Task to carry out: Output the entries exactly. Start at the first line, finish with the line containing "重なったラインが特徴的なデザインリング", and omit the pictures.

Collected data entries:
*** Block opens ***

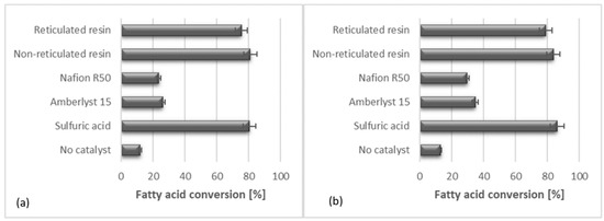 In their study, Maquirriain et al. [15] showed that in the glycerol esterification, homogeneous catalysts (e.g., sulfuric acid, p-toluenesulfonic acid, and methanesulfonic acid) were preferred to the heterogeneous ones thanks to their higher activity. In our work, it was seen that for the system oleic acid-glycerol (Figure 4b) the highest conversion values are achieved using sulfonic resins and these values are comparable to those obtained using sulfuric acid. At 120 °C, the blank contribution to the conversion, in this case, is also low (13%), but the values obtained with the use of sulfonic resins and sulfuric acid is high; using sulfuric acid, 86% was reached, with non-reticulated resin, 83%, and with reticulated resins, 78%, respectively.
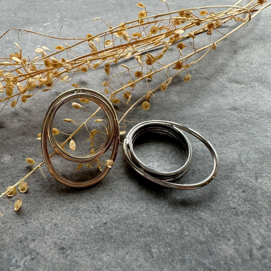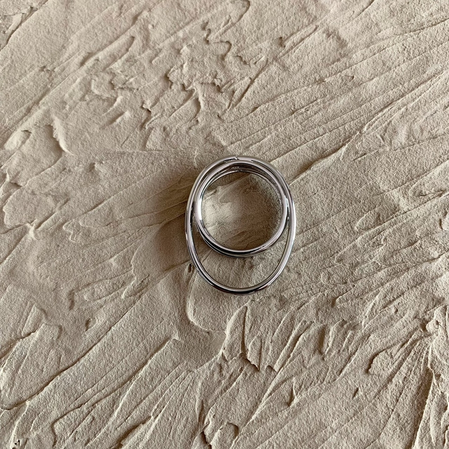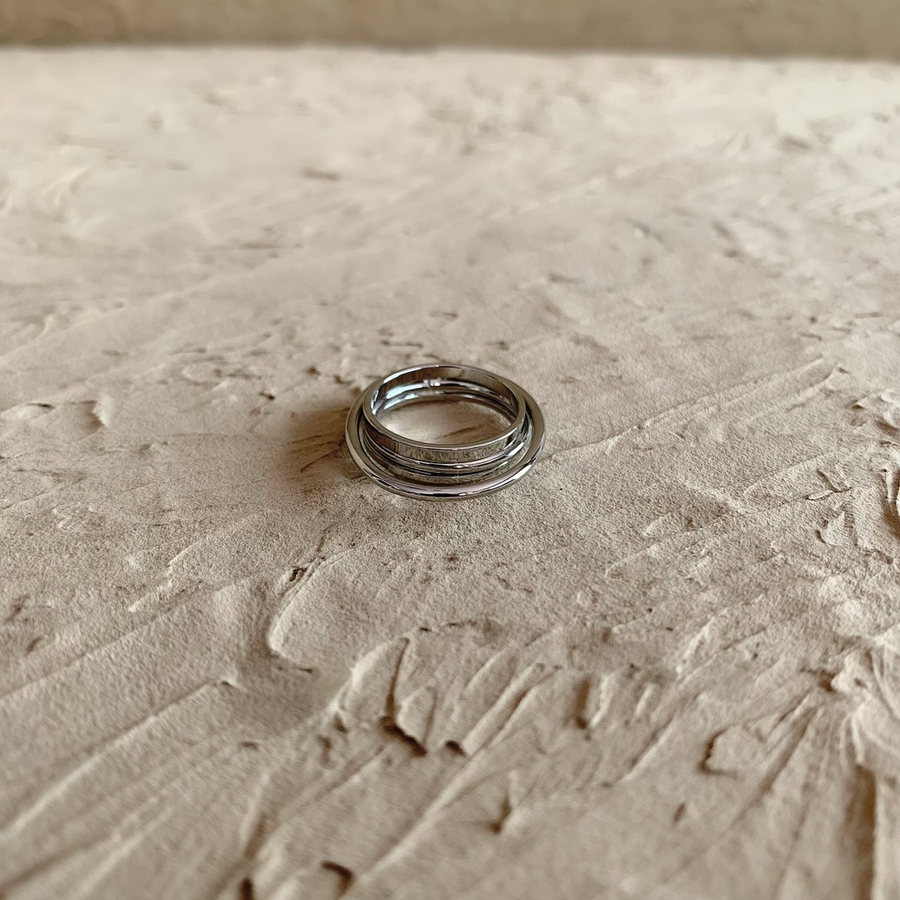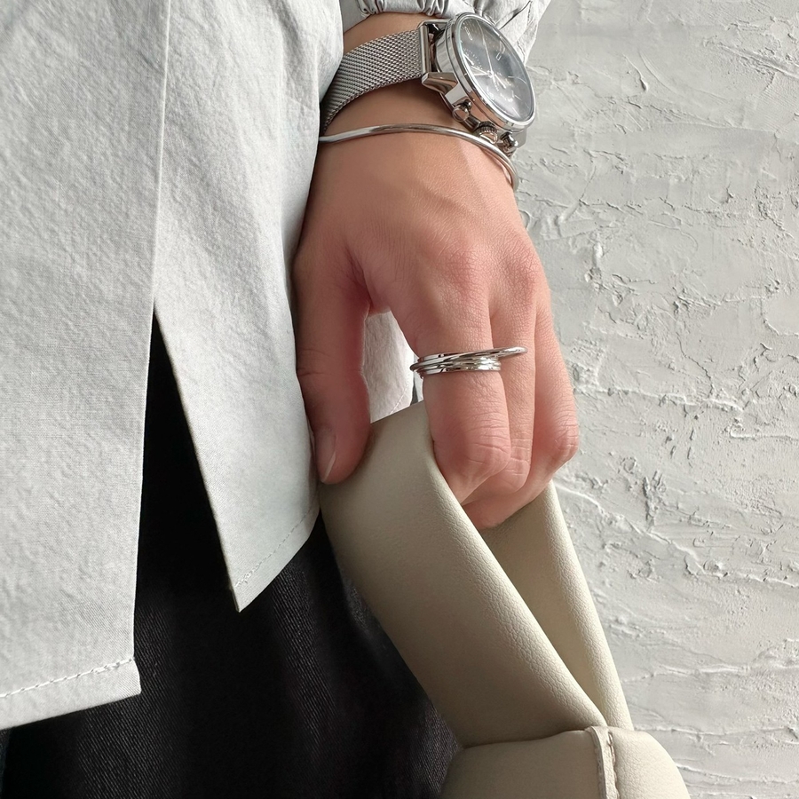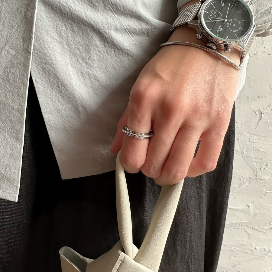 重なったラインが特徴的なデザインリング
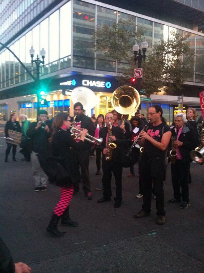 Στον αντίποδα, αυτή την ώρα, στο Όκλαντ, διεξήχθη πορεία προς το μέρος όπου λαμβάνει χώρα το “Urban Shield” και το Δημαρχείο, με ακτιβιστές να παίζουν μουσικά όργανα και να τραγουδούν ειρηνικά, απαιτώντας όπως λένε από την κυβέρνηση των ΗΠΑ να σταματήσει να χρηματοδοτεί τον πόλεμο.
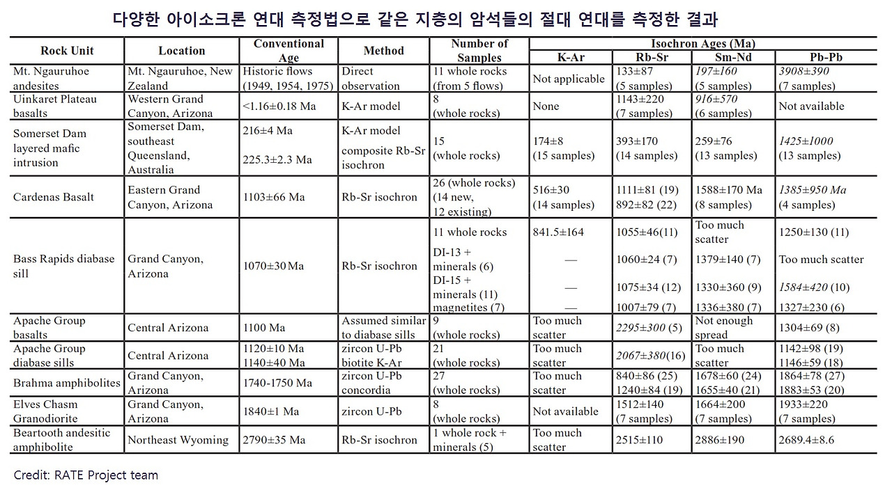 제일 첫번째 뉴질랜드 암석들은 화산이 언제 폭발했는지 아는 (직접 목격한) 경우 입니다. Pb-pb 결과 보시면 39억년 전으로 나옵니다. 아주 정확하죠? 연대 측정이 정확성을 인정받으려면 정확한 사례를 제시하는게 아니라 정확하지 않은 사례들이 없어야 합니다. 공을 떨어 뜨리는데 지표면에서 100번 떨어뜨려서 80번은 떨어지고 20번이 올라갔는데, 80번 정확한 것을 제시하고는 만류인력 법칙이 정확하다고 말하면 사람들이 이상하게 생각합니다.
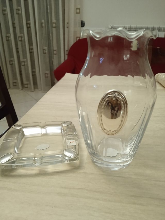 vaso in cristallo con piastra in argento abbinato ad un elegante posacenere
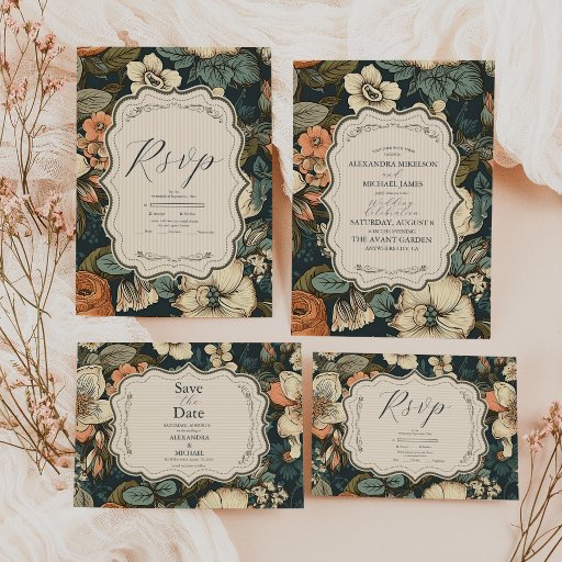 Inför bröllop med tidlös elegans med Vintagen Fall Flowers Bröllop-inbjudan. Med en djup, rik marin bakgrund och med en kraftig fallande blommigt i varma hösthuvar fångar denna inbjudan på ett vackert sätt romantik och högsäsongens charm. De känsliga tonerna i blommigten, i kombination med vintage-inspirerad typografi, skapar ett klassiskt och förfinat utseende, perfekt för en höst bröllop. Ange tonen för din bröllopsdag med inbjudan till Vintage Fall Flowers Wedding, där tidlös elegans möter skönheten från hösten.
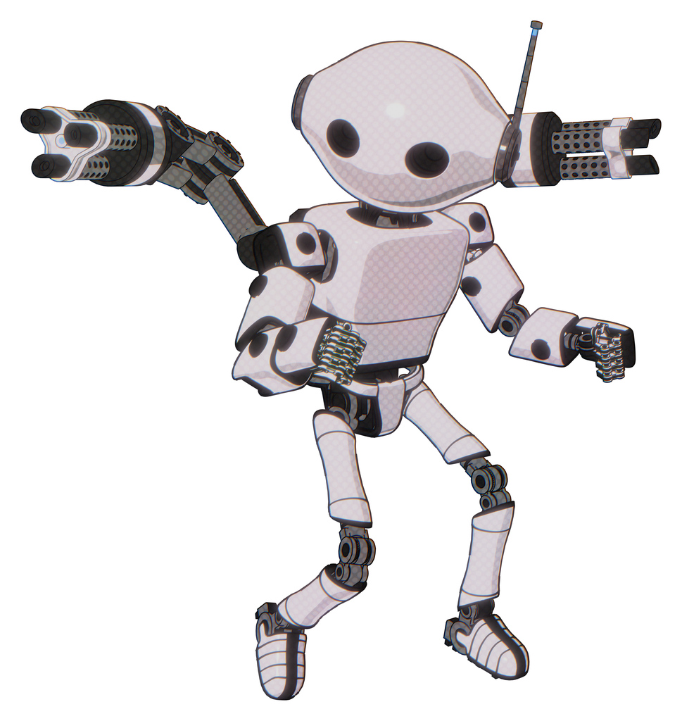 Robot containing elements: oval wide head, retro antenna with light, light chest exoshielding, prototype exoplate chest, minigun back assembly, ultralight foot exosuit. Material: White halftone toon.
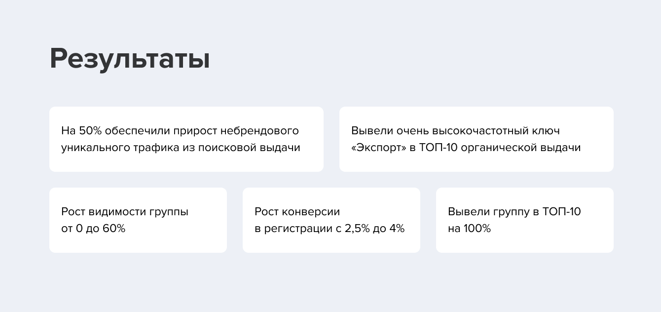 Несырьевой экспорт — специфичная тематика для SEO-оптимизации, так как за ТОП в поисковой выдаче приходилось соперничать с большими агрегаторами и информационными порталами.

*** Block closes ***

Reply to the task:
 In their study, Maquirriain et al. [15] showed that in the glycerol esterification, homogeneous catalysts (e.g., sulfuric acid, p-toluenesulfonic acid, and methanesulfonic acid) were preferred to the heterogeneous ones thanks to their higher activity. In our work, it was seen that for the system oleic acid-glycerol (Figure 4b) the highest conversion values are achieved using sulfonic resins and these values are comparable to those obtained using sulfuric acid. At 120 °C, the blank contribution to the conversion, in this case, is also low (13%), but the values obtained with the use of sulfonic resins and sulfuric acid is high; using sulfuric acid, 86% was reached, with non-reticulated resin, 83%, and with reticulated resins, 78%, respectively.
 重なったラインが特徴的なデザインリング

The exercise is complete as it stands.